YOUR ASSIGNMENT: Your job is to give again, exactly and with no additions, the lines in the records below from the one with "- 3 Replace" through the one with "The network calculation", both included. Omit the pictures.

PROVIDED MATERIAL:
══════════════════════════════

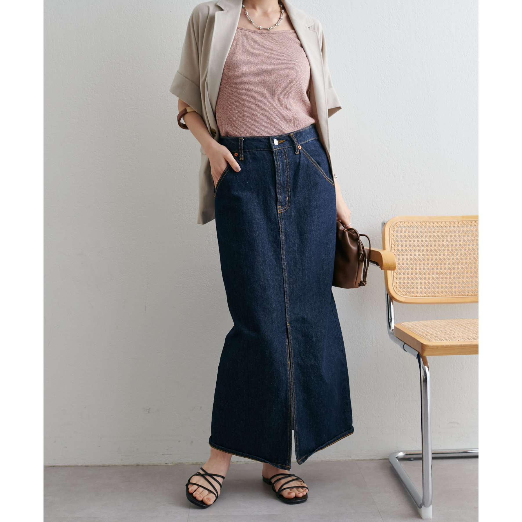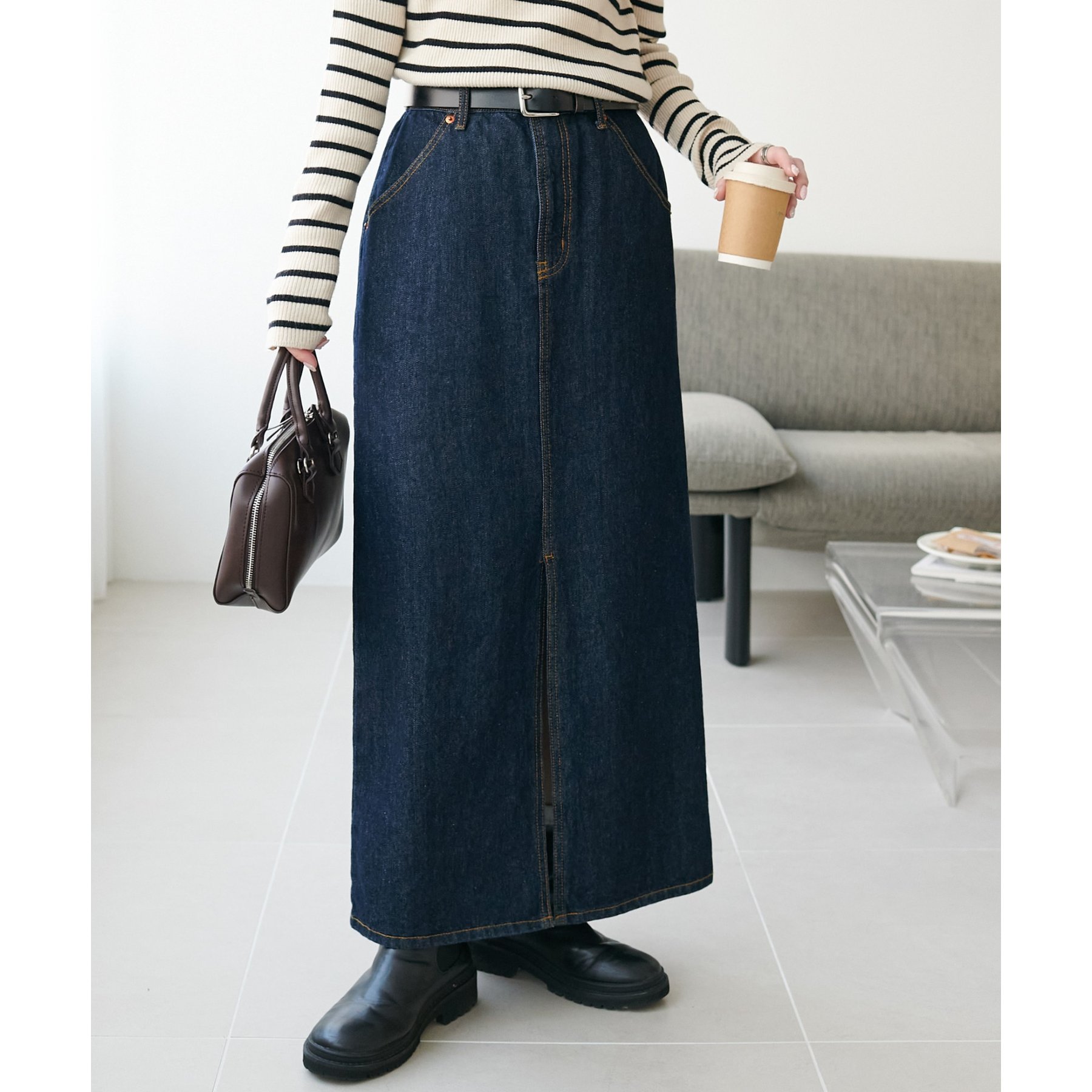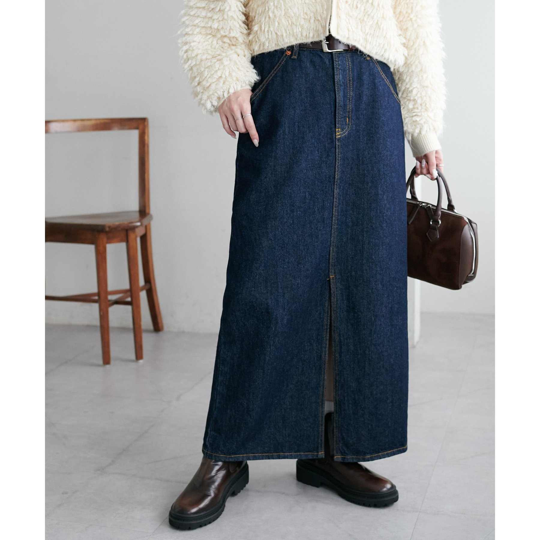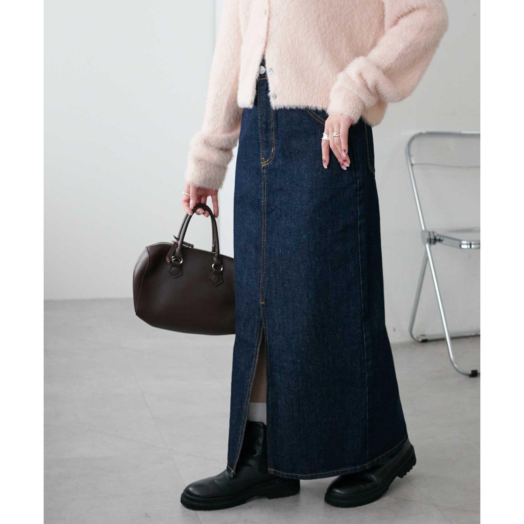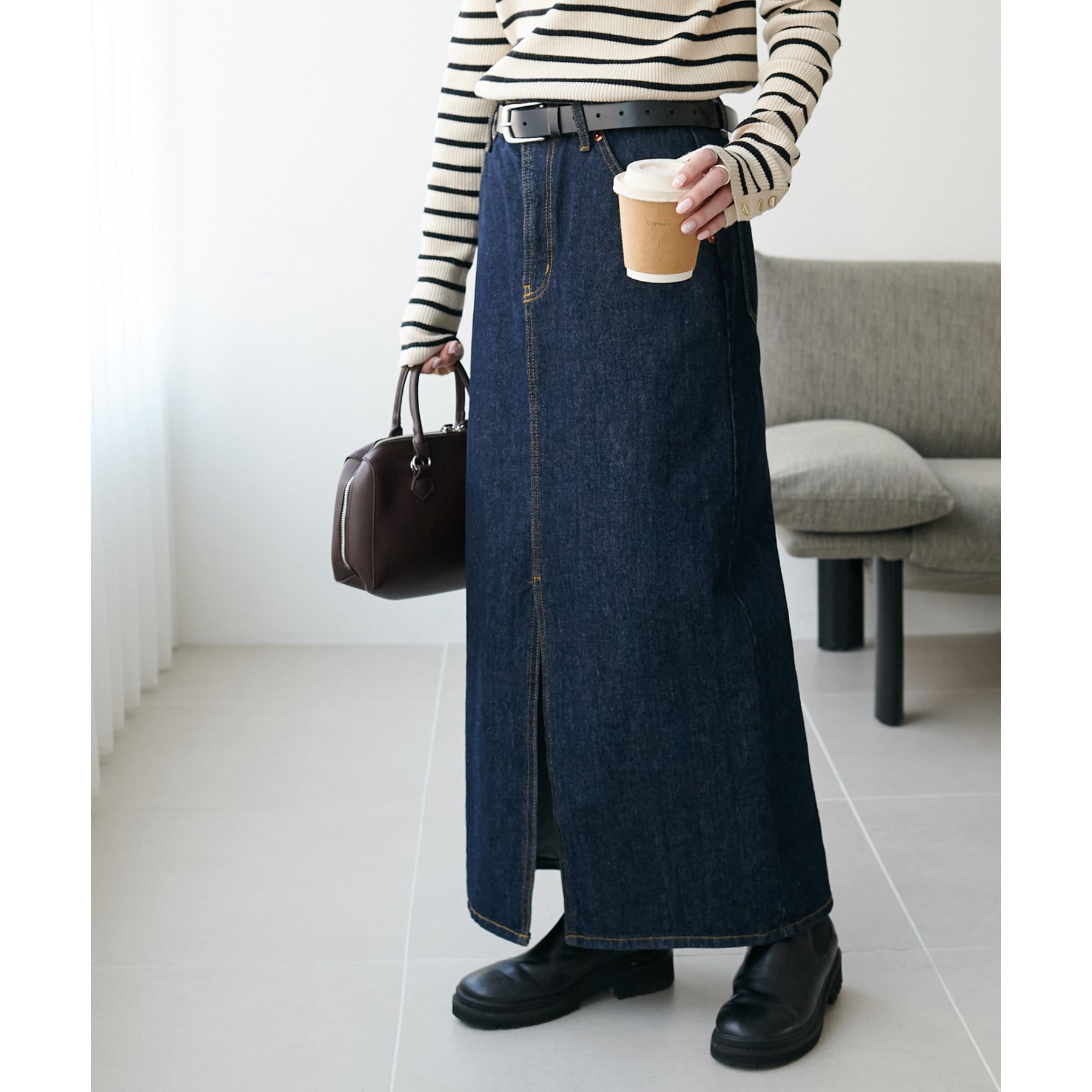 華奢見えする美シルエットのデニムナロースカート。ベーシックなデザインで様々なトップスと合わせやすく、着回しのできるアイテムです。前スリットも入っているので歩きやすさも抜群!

══════════════════════════════

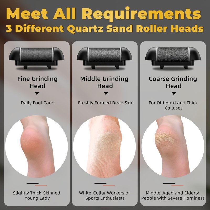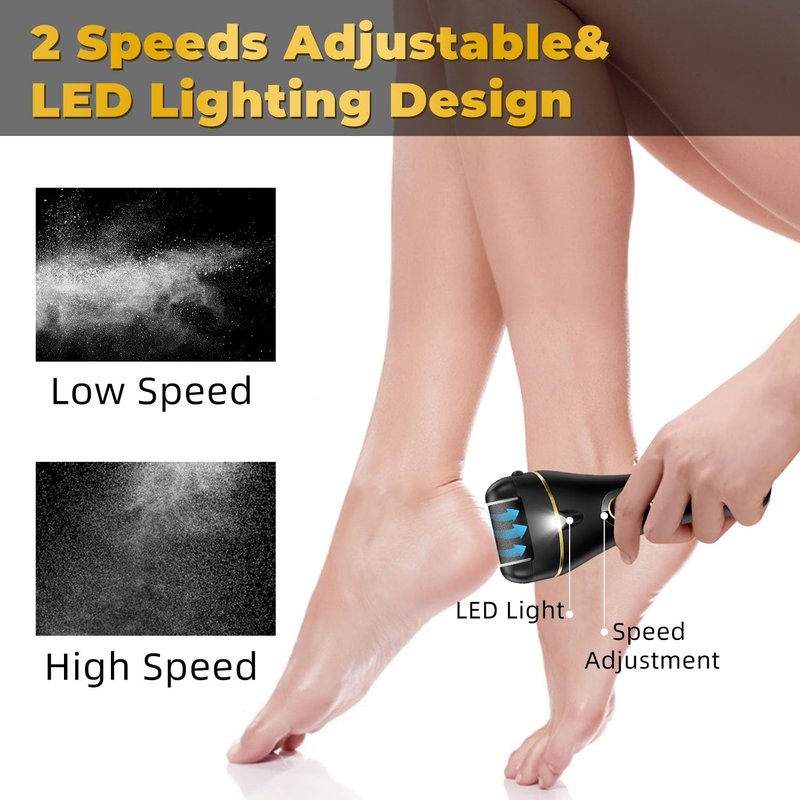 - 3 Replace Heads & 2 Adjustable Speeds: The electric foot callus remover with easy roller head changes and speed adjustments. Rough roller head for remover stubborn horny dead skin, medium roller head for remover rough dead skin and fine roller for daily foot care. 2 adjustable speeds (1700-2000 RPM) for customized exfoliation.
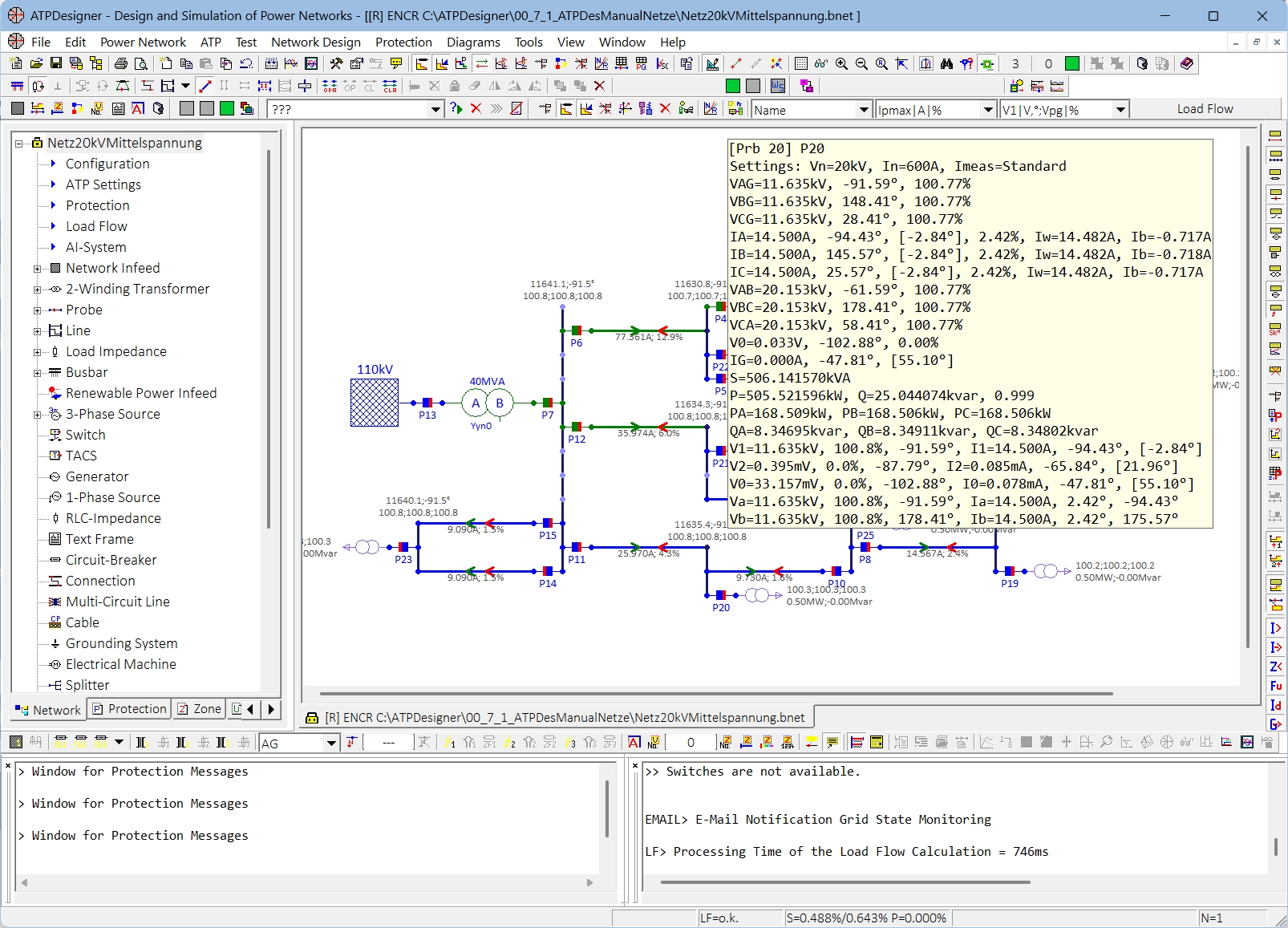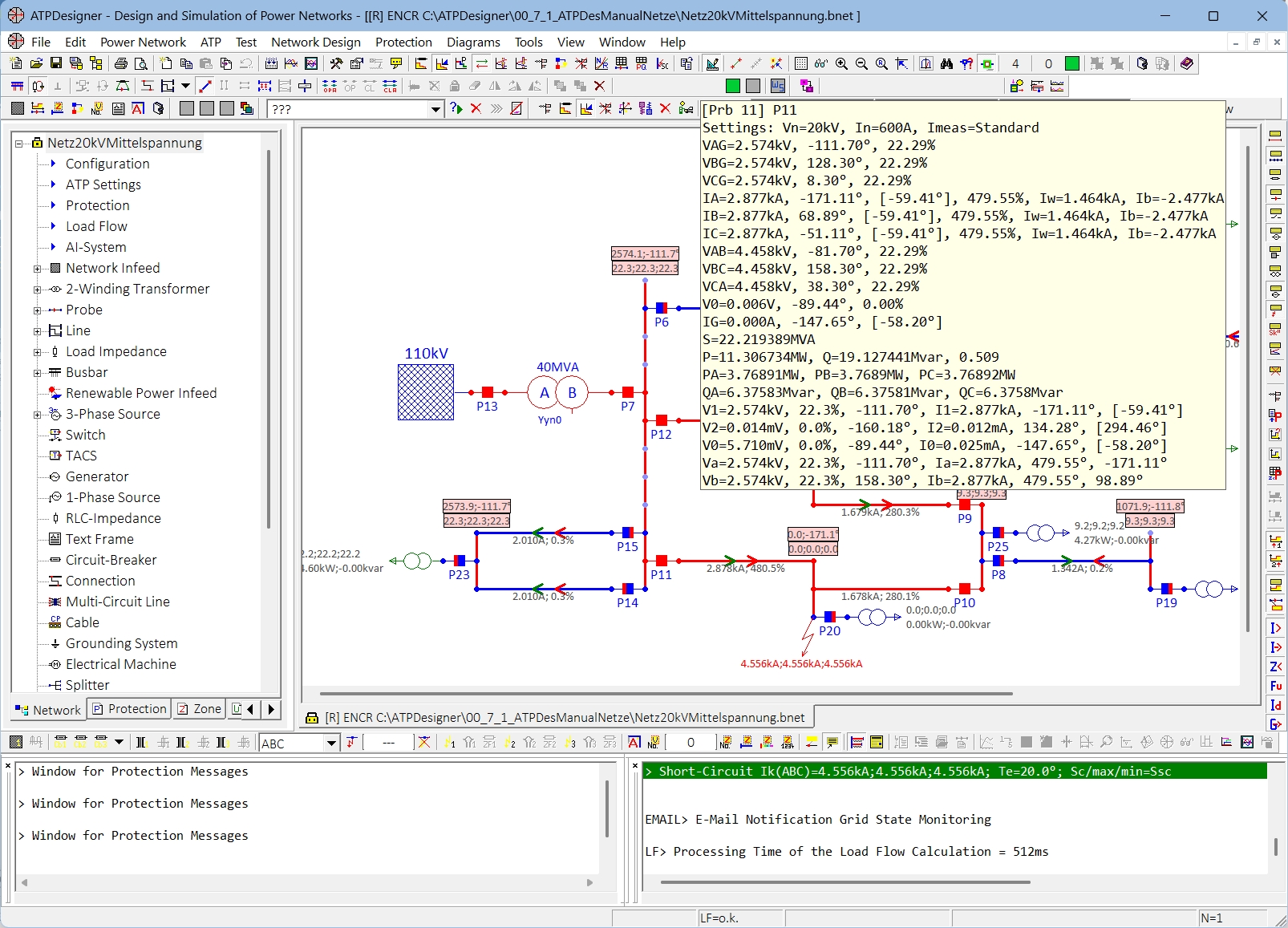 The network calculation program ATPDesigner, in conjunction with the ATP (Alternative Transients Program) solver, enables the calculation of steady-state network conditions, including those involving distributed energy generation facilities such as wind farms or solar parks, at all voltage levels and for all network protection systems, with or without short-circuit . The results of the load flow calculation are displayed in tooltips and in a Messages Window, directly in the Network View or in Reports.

══════════════════════════════

SOLUTION TO THIS PROBLEM:
 - 3 Replace Heads & 2 Adjustable Speeds: The electric foot callus remover with easy roller head changes and speed adjustments. Rough roller head for remover stubborn horny dead skin, medium roller head for remover rough dead skin and fine roller for daily foot care. 2 adjustable speeds (1700-2000 RPM) for customized exfoliation.
 The network calculation program ATPDesigner, in conjunction with the ATP (Alternative Transients Program) solver, enables the calculation of steady-state network conditions, including those involving distributed energy generation facilities such as wind farms or solar parks, at all voltage levels and for all network protection systems, with or without short-circuit . The results of the load flow calculation are displayed in tooltips and in a Messages Window, directly in the Network View or in Reports.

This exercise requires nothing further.